You did not miss much with the food. The pasta was better than most post ride pastas but nothing to write home about. The iced coffee was good.

I agree they could do much better with food for the price of this ride. The traffic control was not as good as usual at the end of the ride either. I had one driver nearly take me out head on after the Mile 68 rest stop and then give me the finger.

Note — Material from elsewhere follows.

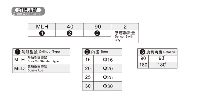 回轉(zhuǎn)氣缸 MLH16-90,MLH16-180,MLH20-90,MLH20-180,MLH25-90,MLH25-180
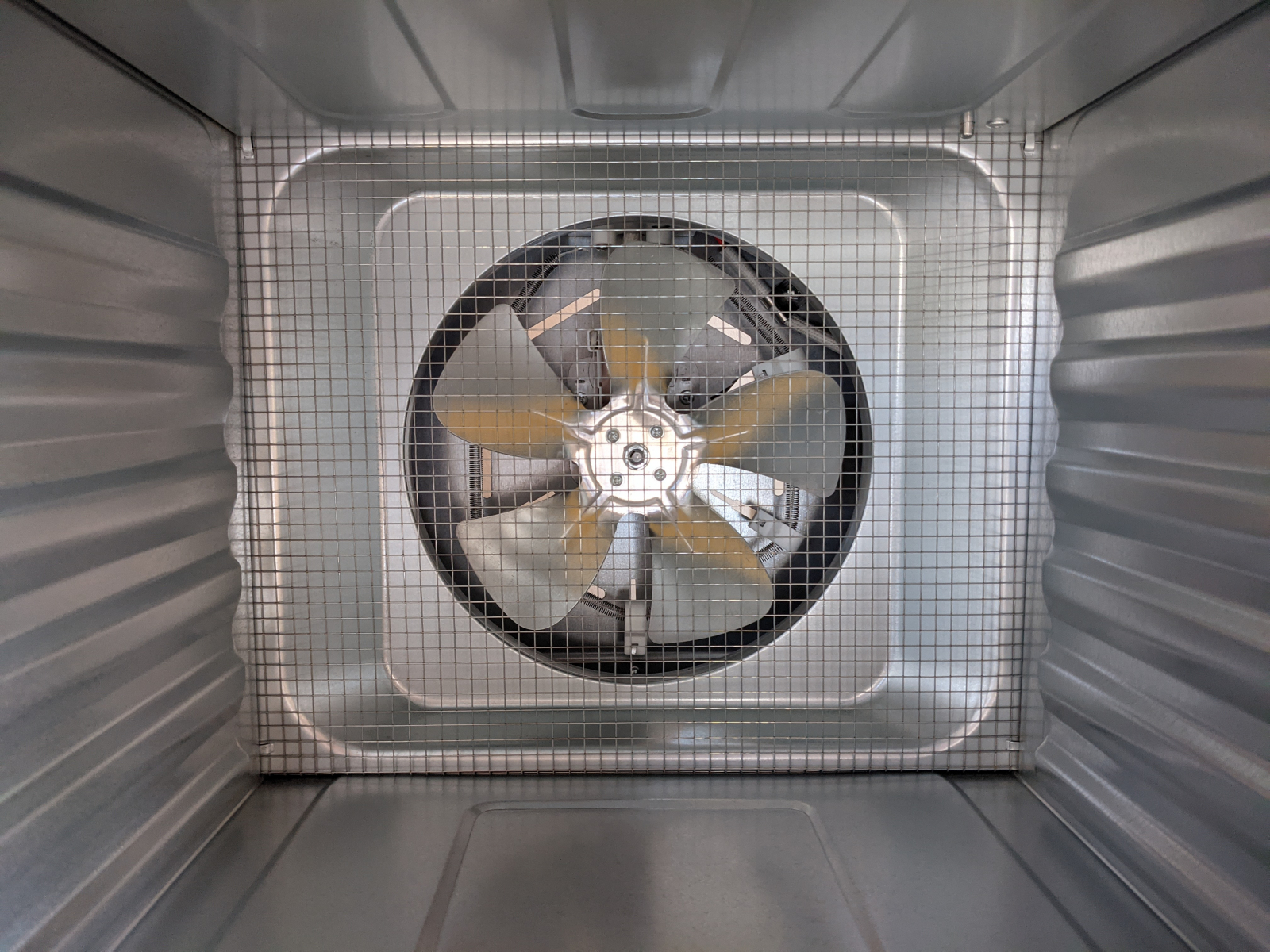 Wie reinige ich den Ventilator auf der Rückseite von den Pilzsporen? Weil ich als nächstes Bananenchips probieren möchte, habe ich den Automaten im Inneren mit einem feuchten Lappen ausgewischt und dabei festgestellt, dass alles mit einem leichten orangefarbenen Pulver überzogen ist. Außerdem sind die Flügel des Propellers vom Lüfter ebenfalls orange verfärbt. Da ist aber ein Gitter davor, also komme ich nicht dran.

My biggest gripe is the bridge start. If they have to do it there stagger it. Cop and mechanics I had lots of time to talk to all agreed. I think I saw 5 or 6 crashes at that same turn where I went down.


----------



## cnardone (Jun 28, 2014)

Congrats on finishing. 8500 feet of climbing. youza!! I have a long way to go before I can do that. looking the route on granfondony.com/ it does not look like you went through Harriman, but I passed (going in the opposite direction), a ton (hundreds) of riders on Lake Welch Parkway. I can't imagine 2 huge races in the same day. so is the route on the site incorrect? If so, what was the actual route?

cmn


----------



## NJBiker72 (Jul 9, 2011)

cnardone said:


> Congrats on finishing. 8500 feet of climbing. youza!! I have a long way to go before I can do that. looking the route on granfondony.com/ it does not look like you went through Harriman, but I passed (going in the opposite direction), a ton (hundreds) of riders on Lake Welch Parkway. I can't imagine 2 huge races in the same day. so is the route on the site incorrect? If so, what was the actual route?
> 
> cmn


It does not go into Harriman, although that would be an improvement I would welcome. You would recognize the GFNY. All the riders are in the same green jersey.


----------



## TricrossRich (Mar 26, 2014)

NJBiker72 said:


> Sounds like you had a better day than me. Nice work on Bear.
> 
> I more or less got crashed at the turn around 2.5 miles. Wet, rainy. I see a rider go down, so I yell slowing and try to gently apply brakes. Apparently some riders think "Slowing" means, time to pass. Forced me to take a bad line and I could not stay up and avoid the down rider. So I took a slide. No big deal, I was fine, tiny bit of road rash, but the bike was not.
> 
> ...


Wow... based on the fact that you had to stop and wait.. but still finished ahead of me, You certainly passed me at some point. I'd guess in a rest stop somewhere. I was happy with my ride, but my overall time was slow. I was with a large group of varying abilities and we were waiting for each at each rest stop, so it meant staying at rest stops longer than I'd like. I'd like to try it again ad just go my pace to see my time, but I don't think I'd actually pay to do it again, given the way this one was run. GFNJ is much better.



cnardone said:


> Congrats on finishing. 8500 feet of climbing. youza!! I have a long way to go before I can do that. looking the route on granfondony.com/ it does not look like you went through Harriman, but I passed (going in the opposite direction), a ton (hundreds) of riders on Lake Welch Parkway. I can't imagine 2 huge races in the same day. so is the route on the site incorrect? If so, what was the actual route?
> 
> cmn


We don't go through Harriman state park at all... but we do skirt the edge of it for some time. If you had come across the GFNY group, you'd know... it would be thousands of riders, not 100's... and they'd all have been wearing the same ugly green jersey. Perhaps some people missed a turn and other's followed them... that's the only way I could imagine that you'd find people on Lake Welch Parkway.


----------



## cnardone (Jun 28, 2014)

Here you go New York Triathlon Club - NYTC - www.NYTC.org There was a tri going on. 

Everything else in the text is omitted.